We can't find the internet
Attempting to reconnect
Something went wrong!
Hang in there while we get back on track
ElixirConf 2023 - Andrew Bennett - Erlang Dist Filtering and the WhatsApp Runtime System
Expert Andrew Bennett presents on Erlang Dist Filtering and its role in the scaled WhatsApp runtime system, a highly distributed network with 30,000 nodes, showcasing improvements in performance and resilience.
- The Whatsapp runtime system is a highly distributed system with 30,000 nodes, and it uses Erlang’s disk protocol to send messages between nodes.
- To improve performance and reduce single points of failure, Erlang Dist Filtering was developed to filter messages before they are sent to nodes.
- The Erlang Dist Filtering project is a NIF that intercepts and rewrites inbound messages to enable disk filtering.
- The project also includes loggers, which are stateful and do not preserve signal ordering.

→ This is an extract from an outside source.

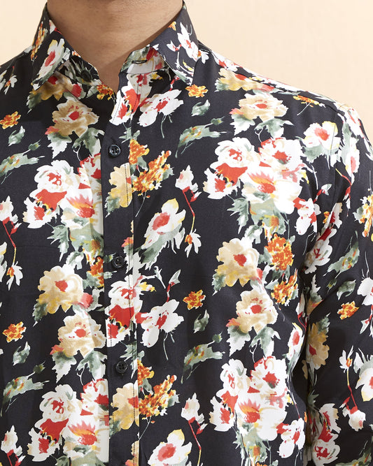 Full Sleeves Black Crepe Casual Printed Men's Shirt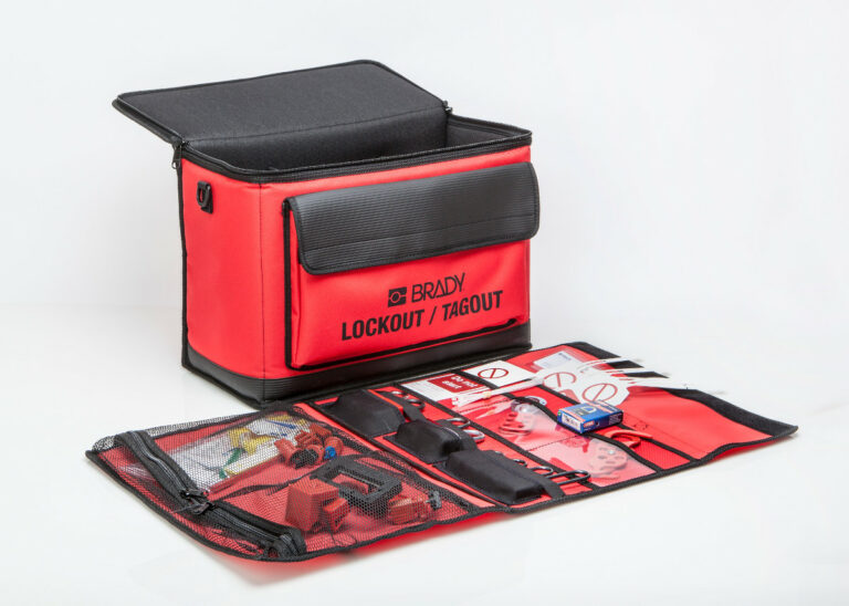 Brady supplied the solutions in practical Lockout/Tagout bags, 1 per maintenance professional. Each bag includes universal mini circuit breaker lockout devices to easily block circuit breakers in the off-position. Padlocks in the bag can be used to lock the universal mini circuit breaker lockout in place. They are personalised with an engraving, and keyed alike so that maintenance professionals can open all of their own padlocks with a single key. They are keyed different versus the padlocks in every other bag, so nobody can accidentally remove the padlock of a colleague who might still be servicing the machine. The padlocks are also colour-coded using green for all electrical lockout, and red for mechanical lockout.

- The WhatsApp runtime system is not designed to be secure, but it is a trusted environment.
- The system uses a distributed architecture, with a full mesh of connections between nodes.
- The Erlang Dist Filtering project includes handlers, which are lossless and preserve signal ordering.
- The project is still in development, but it has already improved performance by reducing the number of disk operations.
- The WhatsApp runtime system uses a variety of strategies to reduce the impact of node failures, including automated restarts and distributed logging.
- The system also uses a unique way of dealing with senders and receivers, which allows it to handle high volumes of traffic.
- The loggers in the system are used to monitor and debug node failures, and to provide a paper trail for investigating issues.
- The system is designed to be highly available, with multiple nodes and automated restarts.
- The Erlang Dist Filtering project has improved performance and reduced the number of disk operations in the WhatsApp runtime system.
- The project is still in development, but it has already had a significant impact on the performance and scalability of the system.